In this case the value of $P_y$ is zero which simplifies the above equations a little bit.

QUESTION

What (in steradians) is the solid angle $w$ subtended by the "loop" at point $P$ in terms of $a,r,P_x,P_z$?

Answer 1

Let's move everything so that the center of the sphere is in the origin. Then the sphere is simply

$$x^2+y^2+z^2=r^2$$

and the cone becomes

$$\left(x+P_x\right)^2+y^2=c^2\left(z+P_z\right)^2$$

and since you don't want a double cone, you also want

$$z+P_z>0\quad.$$

The $y=0$ plane intersects the cone in two lines, namely

$$x=\pm c(z+P_z)-P_x$$

and these intersect the sphere at

$$x_{1,2}={\frac{\pm c\left({P_z} + \sqrt{{\left(c^{2} + 1\right)} r^{2} - c^2{P_z}^{2} \pm 2 c {P_x} {P_z} - {P_x}^{2}}\right) - {P_x}}{c^{2} + 1}}\quad.$$

For a given $x$ coordinate in that plane, the points on the loop are both at

$$ z(x) = -\frac{{P_z} c^{2} - \sqrt{{\left({P_x}^{2} - {P_z}^{2}\right)} c^{2} + {\left(c^{2} + 1\right)} r^{2} + {P_x}^{2} + 2 \, {\left({P_x} c^{2} + {P_x}\right)} x}}{c^{2} + 1} $$

so the portion of the sphere in that $x$ plane and between the points on the loop will form a circular arc with a length of

$$l(x) = 2\sqrt{r^2-x^2}\arcsin\frac{z(x)}{\sqrt{r^2-x^2}}\quad.$$

To integrate these arcs into an area, you have to multiply them by the arc length element in the $y=0$ plane.

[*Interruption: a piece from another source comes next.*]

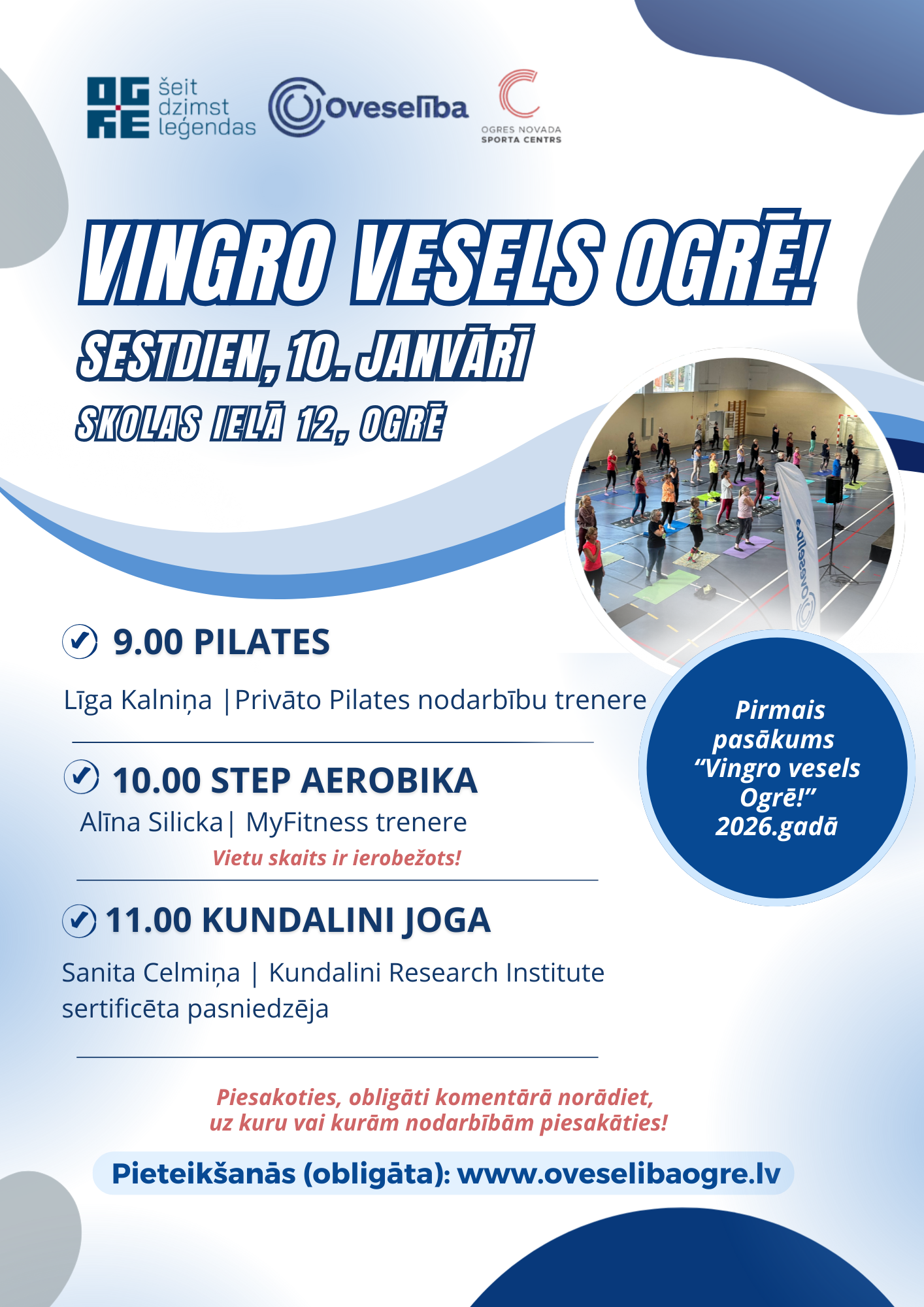 4.oktobrī, sestdien, no plkst. 9.00 aicinām piedalīties “Vingro vesels Ogrē!”, kas norisināsies Ogres novada sporta centra ēkā (Skolas ielā 12). Pasākuma programma, kā ierasts, ir veidota ļoti daudzveidīga, piedāvājot dalībniekiem dažādas intensitātes nodarbības, tāpēc tajā ko sev tīkamu atradīs ikviens interesents. 9.00 Veselības vingrošana senioriem | Sanita Baltkalne - sertificēta fizioterapeite Veselības vingrošana zemā līdz vidējā intensitātē – droša un efektīva kustību terapija, kuras galvenais mērķis ir ikdienas pašsajūtas uzlabošana un muskulatūras nostiprināšana. 10.00 Cigun nodarbība | Anita Rezevska - RTU Sporta kompleksa"Ķīpsalas peldbaseins" trenere, Ciguna meistara Igora Kudrjavceva skolas "SAULES CEĻŠ" absolvente !!!!! Cigun grupa ir nokomplektēta, uz šo nodarbību pieteikšanās ir slēgta !!!! Nodarbībā iepazīsiet un praktiski izmēģināsiet Ciguna vingrojumu kompleksu un enerģētisko punktu pašmasāžu, kas palīdzēs vairot možumu, stiprināt ķermeni un veicināt līdzsvarotu labsajūtu ikdien. Ciguns ir vairāk nekā 5000 gadu sena Austrumu atveseļojošās vingrošanas prakse, kas balstās Tradicionālajā Ķīnas medicīnā. Nosaukums CIGUN nozīmē mērķtiecīgu darbu (“Gun”) ar dzīvības enerģiju (“Ci”). 11.00 Deju fitnesa nodarbība "Latino fit" | Elīza Madara Treija - privāto nodarbību trenere Enerģisks treniņš, kas apvieno latīņamerikāņu deju ritmus ar fitnesa elementiem. Deju nodarbībā tiks apgūti latino deju soļi, roku un gurnu kustības vieglā un uzlādējošā horeogrāfijā. 12.00 DEEPWORK | Zigmunds Āboliņš - Starptautiskas BODYART skolas meistarterneris un mācībspēks Latvijā Dinamiska grupu fitnesa nodarbība, kas apvieno spēka, izturības un kustību koordinācijas vingrinājumus ar elpošanas tehnikām. Treniņš notiek basām kājām, stiprinot ne tikai ķermeni, bet arī līdzsvaru un koncentrēšanās spējas. Nodarbības intensitāte mainās no mierīgas iesildīšanās līdz enerģiskai kulminācijai un noslēdzas ar relaksāciju. Tā ir iespēja vienlaikus attīstīt fizisko formu un atjaunot iekšējo enerģijas balansu. 13.00 Hatha-Vinyasa joga | Laura Timoško - privāto nodarbību trenere Nodarbībā tiks kombinētas gan statiskas, gan arī dinamiskas pozas. Statiskās pozas nepieciešamas, lai sazemētos un gūtu stabilitāti, dinamiskās – lai dabūtu plūdumu un harmoniju sevī. Oveselība pasākumu realizē Eiropas Sociālā fonda Plus (ESF+) projekta “Pasākumi veselības veicināšanai un slimību profilaksei Ogres novada iedzīvotājiem” (identifikācijas Nr. 4.1.2.2/1/24/I/022) ietvaros. Dzīvo vesels Ogres novadā! #ESfondi, #EUFunds #EUinmyregion, #InvestEU (Ja Jums piedāvā iespēju aizpildīt pieteikumu, tad pieteikumu nosūtot, Jūsu dalība pasākumā automātiski tiek aptiprināta. Taču, ja pieteikšanās opcija nav aktīva, tas nozīmē, ka dalībnieku grupa ir nokomplektēta un pieteikšanās ir slēgta.) KOMENTĀRU SADAĻĀ OBLIGĀTI NORĀDIET NODARBĪBU(-AS), KURU(-AS) VĒLATIES APMEKLĒT! Svarīgi! Ja Jums ir nepieciešams vingrošanas paklājiņš, lūdzu, aizpildot pieteikumu, norādiet to komentāru sadaļā. Pieteikums

This is defined by

$$\mathrm ds^2=\mathrm dx^2+\mathrm dz^2 = \mathrm dx^2\left(1+\left(\frac{\mathrm dz}{\mathrm dx}\right)^2\right)$$

which means we need the derivative

$$\frac{\mathrm dz}{\mathrm dx}=\frac{{P_x}}{\sqrt{{\left({P_x}^{2} - {P_z}^{2}\right)} c^{2} + {\left(c^{2} + 1\right)} r^{2} + {P_x}^{2} + 2 \, {\left({P_x} c^{2} + {P_x}\right)} x}}$$

to obtain

$$\mathrm ds = {\sqrt{\frac{{P_x}^{2}}{{\left({P_x}^{2} - {P_z}^{2}\right)} c^{2} + {\left(c^{2} + 1\right)} r^{2} + {P_x}^{2} + 2 \, {\left({P_x} c^{2} + {P_x}\right)} x} + 1}}\;\mathrm dx\quad.$$

So the portion of the sphere enclosed by the loop has area

$$\int_{x_1}^{x_2}l(x)\;{\sqrt{\frac{{P_x}^{2}}{{\left({P_x}^{2} - {P_z}^{2}\right)} c^{2} + {\left(c^{2} + 1\right)} r^{2} + {P_x}^{2} + 2 \, {\left({P_x} c^{2} + {P_x}\right)} x} + 1}}\;\mathrm dx\quad.$$

At least numerically this should be reasonably simple to integrate. I haven't tried yet to find a closed form for this. It might be simpler if you have explicit numbers instead of all these variables.

In the end, you can divide that area by $r^2$ to obtain the corresponding solid angle.